На стене висели часы — на белом фоне стеклянной вечности черные, символизирующие условное земное время цифры-стражи и весла стрелок, остановившиеся на без пяти двенадцать.
Самоварова достала из кармана мобильный и вперила взгляд в черную пустоту экрана, словно из этой пустоты мог прийти ответ о том, что ей теперь делать.
Даже в больнице она не чувствовала себя такой подавленной и уставшей.
В доме было душно — окна были закрыты, батареи жарили на полную мощность.
Расстегнув пальто, Самоварова двинулась на звук телевизора.
Раздвижная дверь, не закрытая до конца, привела ее в комнату.
Переступив порог, она увидела, как на экране внушительных размеров телевизора ведущая, энергично работая ртом, почти беззвучно передавала последние новости.
Посреди комнаты стояло два серых кресла и низкий журнальный стол, уставленный бутылками с алкоголем, стаканами и чашками, между которыми валялись вскрытые пачки не то лекарств, не то витаминов.
В нос ударил запах затхлости и перегара.
На диване, стоявшем вдоль зашторенного наглухо окна, лежала укрытая оранжевым флисовым пледом женщина.
Глаза ее были закрыты.
Одна нога выпросталась из-под пледа и свисала на пол.
По тому, как едва заметно подрагивала эта нога, было очевидно, что женщина жива.
Преодолевая отвращение, Варвара Сергеевна присела на краешек кресла и принялась ее рассматривать.
Короткий ежик темных взмокших волос, тонкий нос, болезненно-белая кожа лица.
Почувствовав на себе тяжесть чужого взгляда, женщина зашевелилась.
Потерла глаза, застонала, облизала пересохшие губы и, придерживаясь за спинку дивана, с видимым усилием приняла горизонтальное положение.

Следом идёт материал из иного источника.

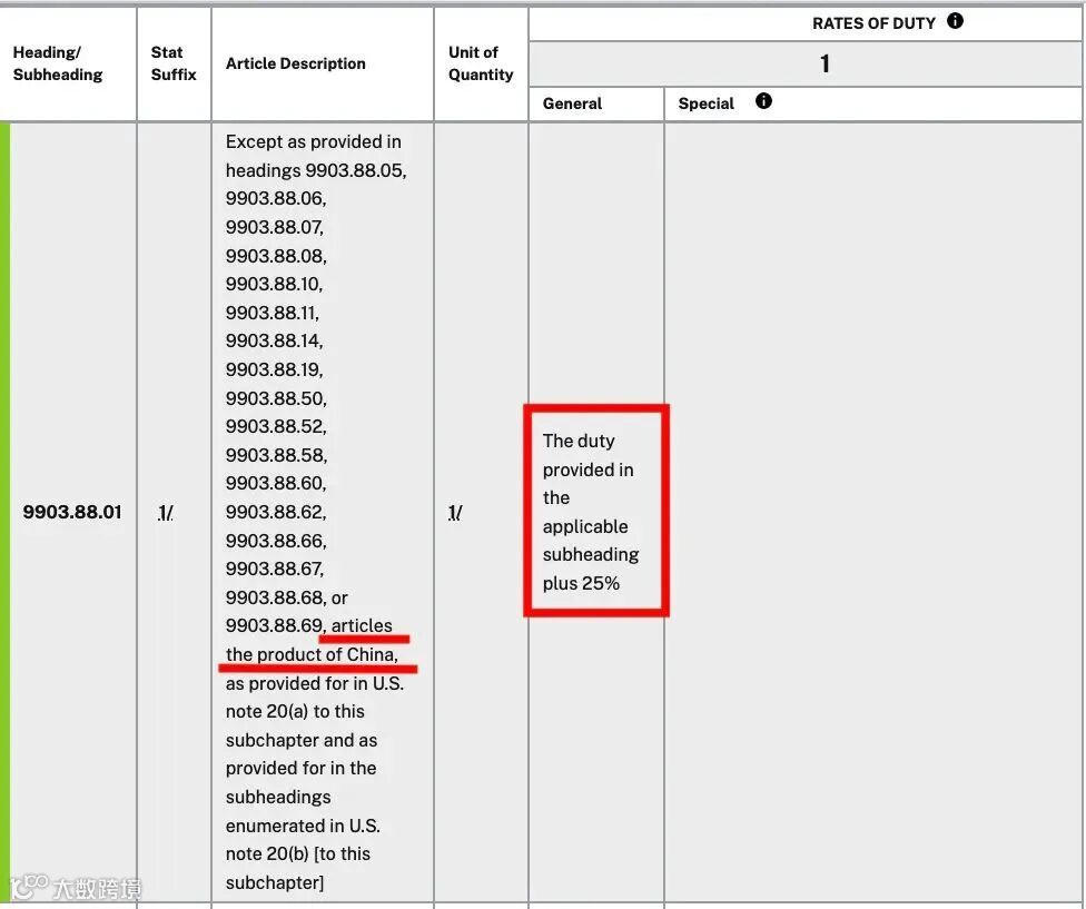 第99章(Chapter 99)被称为“临时立法修改章”(Temporary Modifications to the Harmonized Tariff Schedule)。美国加征的关税通常不在协调关税表的“general”栏直接显示,而是通过单独章节(第99章)或附加代码标注。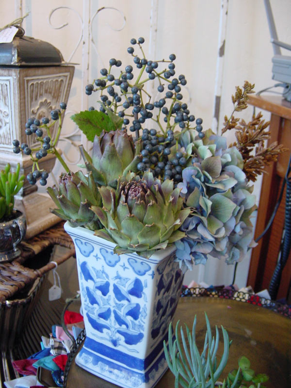 One of the things I most enjoy about floral design is coming up with unexpected arrangements. I have always had a little love affair with the baby artichoke as used in floral design but only recently decided that it is perfectly married to the hydrangea. Combining the two in a striking blue and white Chinese vase and popping in some blue berries and meadow grass made the whole thing feel kind of otherworldly to me. Something I would have on my own mantel or dressing table. I don’t tend to veer toward arrangements that are too soft or feminine. I like them to be weird. That’s really my number one criteria. If it’s pretty and weird, I’m sure to love it.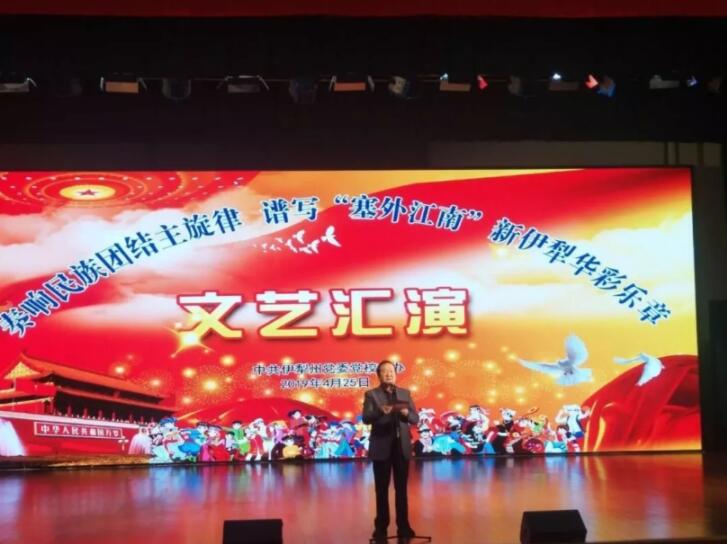 伊犁州委黨校常務副校長柴貴平為文藝匯演致辭
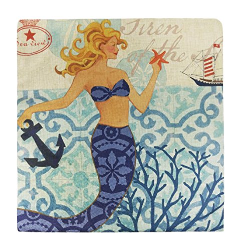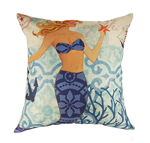 Lolares Home Decor Cotton Linen Square pillow Covers Back Throw Sofa Cushion Cover Pillowcase with Room Decoration Invisible Zipper No Insert Mermaid Pattern - 18"x18"(45x45cm)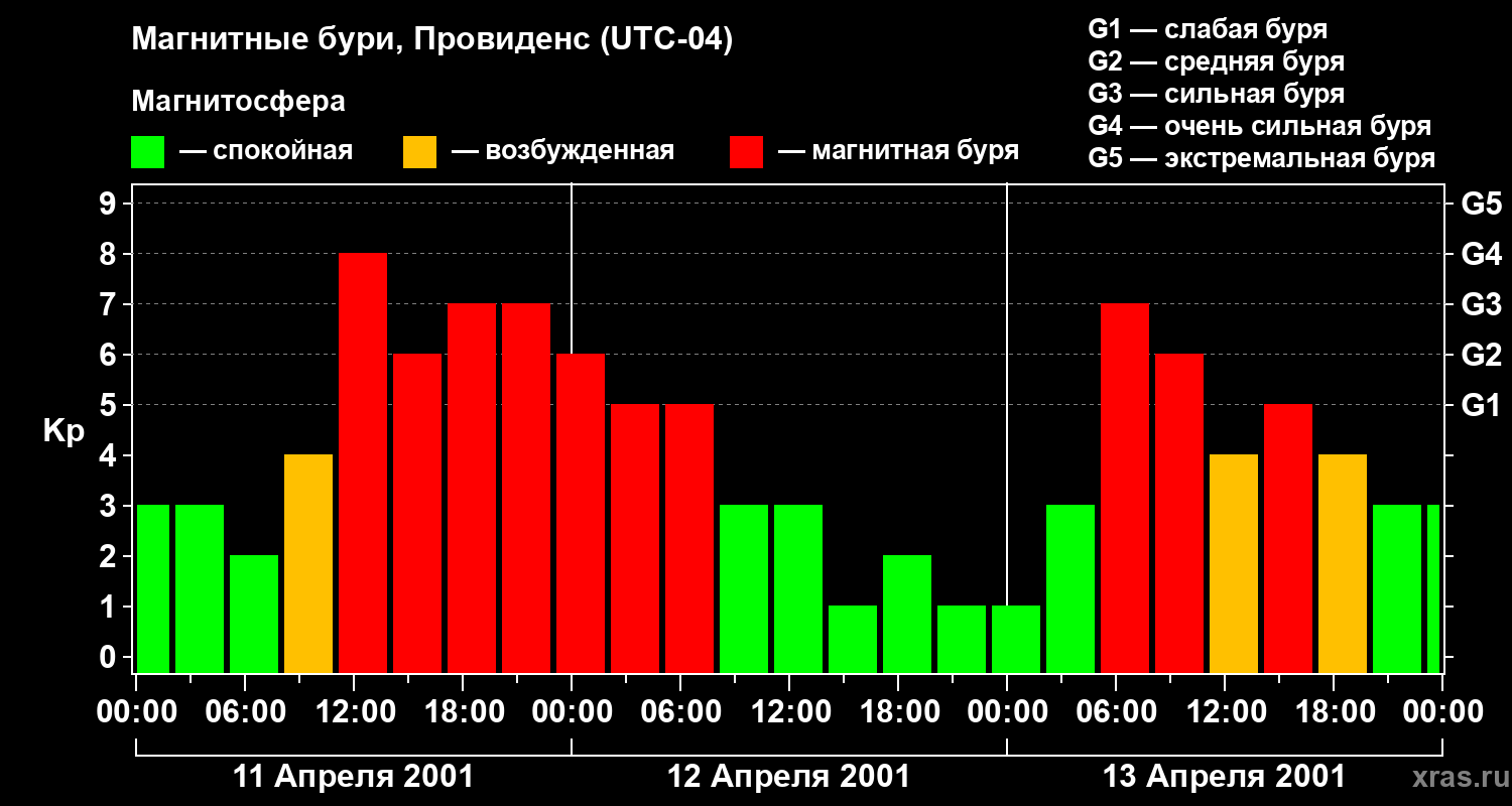 Магнитные бури в Провиденсе — 13 апреля 2001 года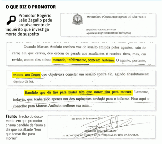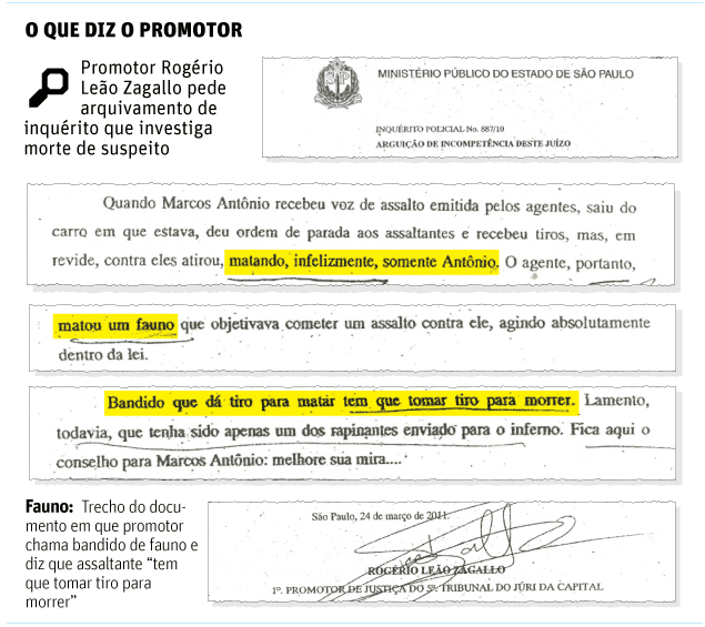 “O agente matou um fauno que objetivava cometer assalto contra ele, agindo absolutamente dentro da lei”, escreveu o promotor em sua manifestação, comparando o suspeito morto no episódio ao ser da mitologia romana meio homem meio animal.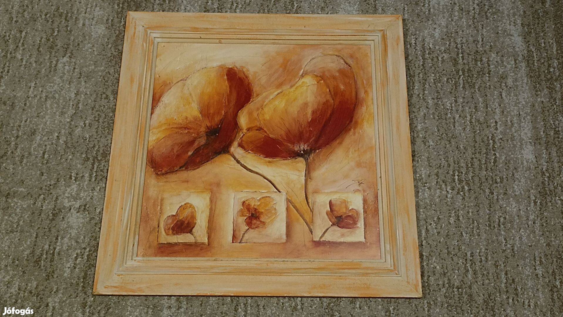 A keret bal alsó sarkában kicsit lejött a borítás,de az antikolt festés miatt ez alig vehető észre. Fotóztam közelről.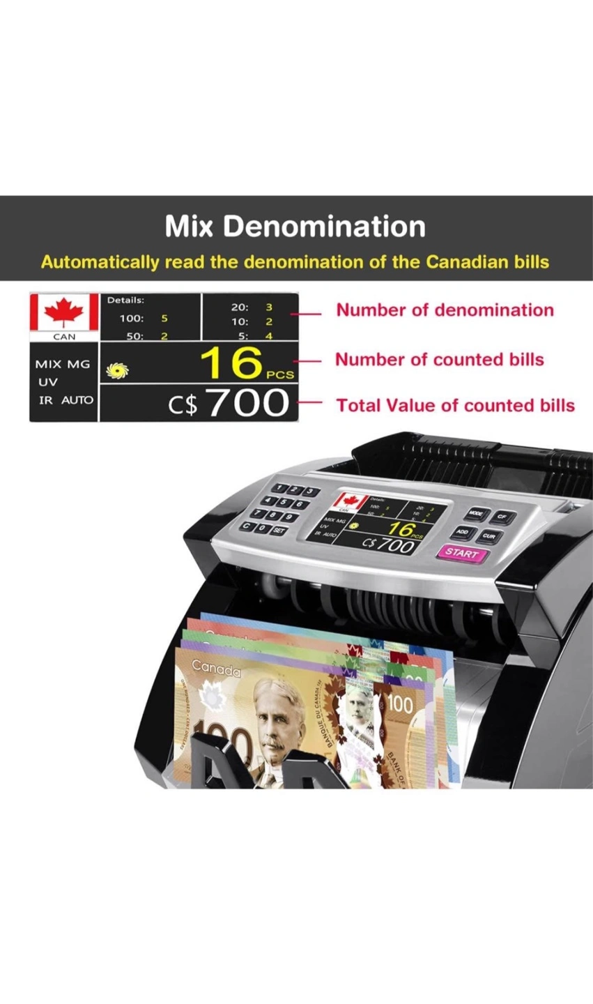 ⭐【MIXED DENOMINATION FUNCTION】The money counting machine is a Mixed Denomination that automatically reads the denomination of the Canadian bills and shows the total value and pcs of the counted bills. 🚩 Doesn’t detect Denomination for USD and others Currency
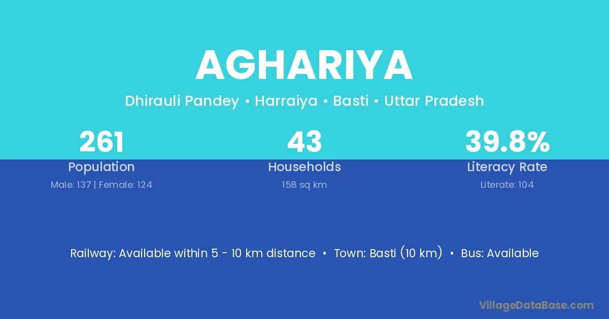 Basti (10 km) is the nearest town to Aghariya village for major economic activities and is located approximately 10 km away.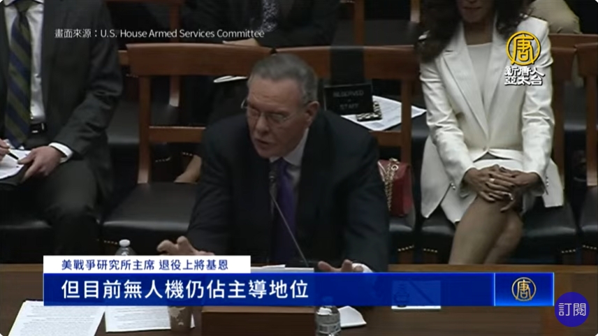 美戰爭研究所主席 退役上將基恩:「這是一個很簡單的選擇,議員先生。答案會是無人機。」「但就像每種新技術一樣,無人機最終會(遭遇)有有效反制措施,但現在還沒有,我的意思是,微波、定向能和其他技術都在實驗中,但目前無人機仍佔主導地位。」「我參與過多數的兵棋推演,來應對最危險的情況,就是中共入侵的情況。要阻止中(共)國,我們不是說要打敗他們,而是要阻止他們,這需要(對中共軍力)造成10%到15%的影響,抱歉不是,是要造成15%到20%的影響;這些潛航器與海上自主飛行器,就可以產生15%到20%的影響。」

Заметив Самоварову, уставилась на нее мутным нетрезвым взглядом:
— О! Какие люди да без охраны! — развязно заголосила она. — Так и знала, что ты уже рядом! Снилась мне вчера… Нет, не вчера, только что. Да, и вчера тоже. А вообще, херовый ты следователь, Аря… Что-то долго тупила… — изрыгнула из себя хрипло. — Что не разулась-то?
— Здравствуй, Регина… Или все же Марина Николаевна? — Варвара Сергеевна, все еще не веря в то, что все это — не очередной дурной сон, машинально полезла в карман пальто и нащупала портсигар.
Затянув на себе пояс халата, Марина-Регина встала с дивана. С трудом удерживая равновесие, подошла к Самоваровой:
— У тебя там нож или пистолет? — глумливо усмехнулась она.
Не глядя на нее, Варвара Сергеевна достала из кармана портсигар.
— Угостишь? — дрожащими, цепкими пальцами Регина раскрыла портсигар и вытащила из него самокрутку. — Я же практически не курю. Зажигалку, пожалуйста, дай. — Выпустив изо рта порцию дыма, она резко закашлялась. — Всегда мечтала так же элегантно, как ты, дымить, да легкие с детства слабые. Пока здоровьем не занялась, любое ОРВи заканчивалось пневмонией.
Она вернулась на диван и схватила со стола одну из грязных чашек.
Поглядывая на нее искоса, Самоварова с трудом подавляла в себе желание вцепиться пальцами в эту щуплую белую шейку и, слушая, как захрустят кости, плюнуть в подернутые похмельем невыносимо лживые глаза. А потом выскочить, не оглядываясь… Чтобы сдохла тварь одна, совсем одна, даже не так, как Капа, с которой до последнего вздоха был рядом верный Пресли!